The best way for me was to acknowledge the extreme ill-breeding of which I had been guilty, to blush and beg pardon once for all. After this explanation, she led the way to a very handsome dining-room. We placed ourselves at table, where, having a chambermaid and a footboy for eye-witnesses, we kept within the bounds of brother and sister. When we had done dinner, we went back again into the same closet where we had been conversing before. Having our time to ourselves, my paragon of a Laura, giving herself up to her natural love of merriment, and to her no less natural curiosity, required from me a faithful and true narrative of all my pros and cons, my ins and outs, since that unmannerly separation of ours. I gave her a full and particular account; nothing extenuating on my own behalf, nor setting down aught in malice on the other side. When I had quenched her thirst after a story, she slaked mine, by communicating the particulars of her eventful life to the following effect.

CHAPTER VII.

LAURA'S STORY.

I shall just run over to you, as briefly as possible, the circumstances which led me to embrace the theatrical profession.

After you took French leave, so much to your credit, great events happened. My mistress Arsenia, more surfeited with a glut of pleasures than scandalized at their immorality, renounced the stage, and took me with her to a fine estate which she had just purchased in the neighborhood of Zenora with the wages of her sinful life. We soon got acquainted in the town. Our visits there were very frequent, and sometimes for a day or two together. With the exception of these little excursions, we were as closely domesticated as probationers in a nunnery, and almost as piously employed.

On one of our high days and holidays, Don Felix Maldonado, the corregidor's only son, saw me by chance, and took a liking to me. He soon found an opportunity of speaking with me in private; and, as it is in vain to affect modesty before one who knows me so well, there was some little contrivance of my own to bring the interview about. The young gentleman was not twenty years of age; the very picture of Venus's sweetheart, or Venus's sweetheart the very picture of him, with a form for a sculptor to work from; with an address so elegant, and with sentiments so generous, as to throw even his personal graces into the background. There was such a winning way with him, so pressing an earnestness to prevail, when he took a large diamond from his own finger, and slid it upon mine, that it would have been quite brutal not to have let it stay there. It was really something like sentiment that I began to entertain towards a swain of so interesting a character. But what an absurd thing it is for wenches of a certain sort to hook themselves upon young men of family, when their surly fathers hold official situations! The corregidor, who had scarcely his equal in the whole tribe of corregidors, got wind of our correspondence, and determined to close it in a summary manner. He sent a host of alguazils to take me into custody, who dragged me away, in spite of my cries and tears, to the house of correction for female penitents.

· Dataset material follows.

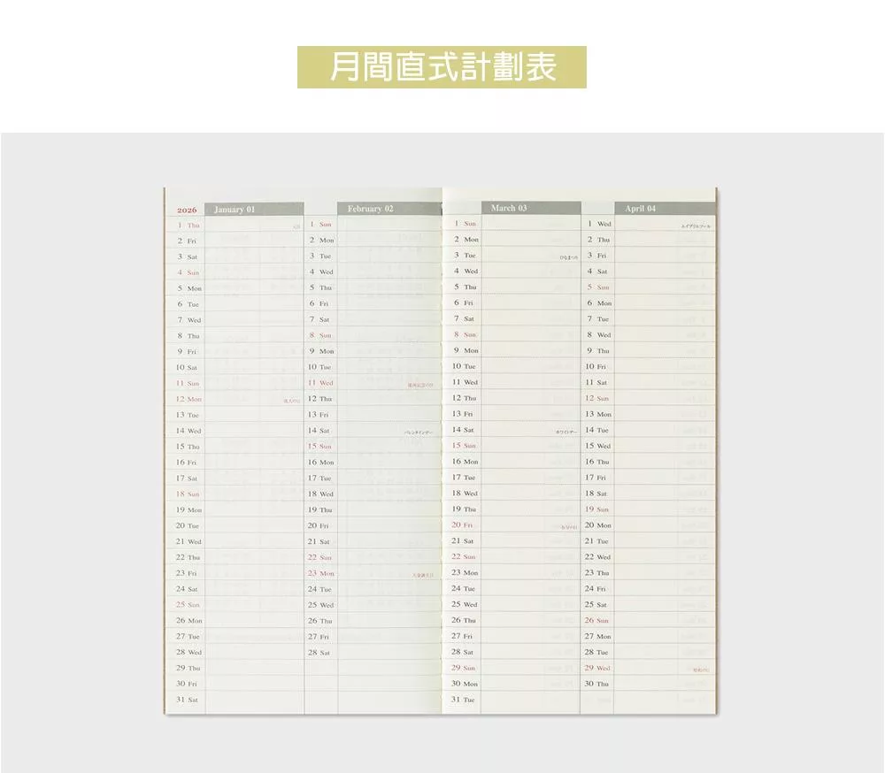TRC Traveler’s Notebook 2026手帳補充包- 週間直式

There, without bill of indictment or form of trial, the lady abbess ordered me to be stripped of my ring and my clothes, and to be dressed in the habit of the institution,—a long gown of gray serge tied about the middle with a strap of black leather, whence depended a rosary with large beads swinging down to my heels. After this pleasant reception, they took me into a hall, where there was an old monk,—the deuce knows of what order,—who set to work preaching up repentance and resignation, pretty much in the same strain as Dame Leonarda, when she exhorted you to patience in the subterraneous cavern. He told me that I was excessively obliged indeed to those good people who had so kindly shut me up, and could never thank them sufficiently for their good deed in rescuing me from the harpy talons of the world, the flesh, and the devil. But I must frankly own that all my other sins were pressed down and heaped high with ingratitude: far from overflowing with the milk of human kindness towards those who had conferred such a favor upon me, I abused them in terms that would have put any dictionary to the blush.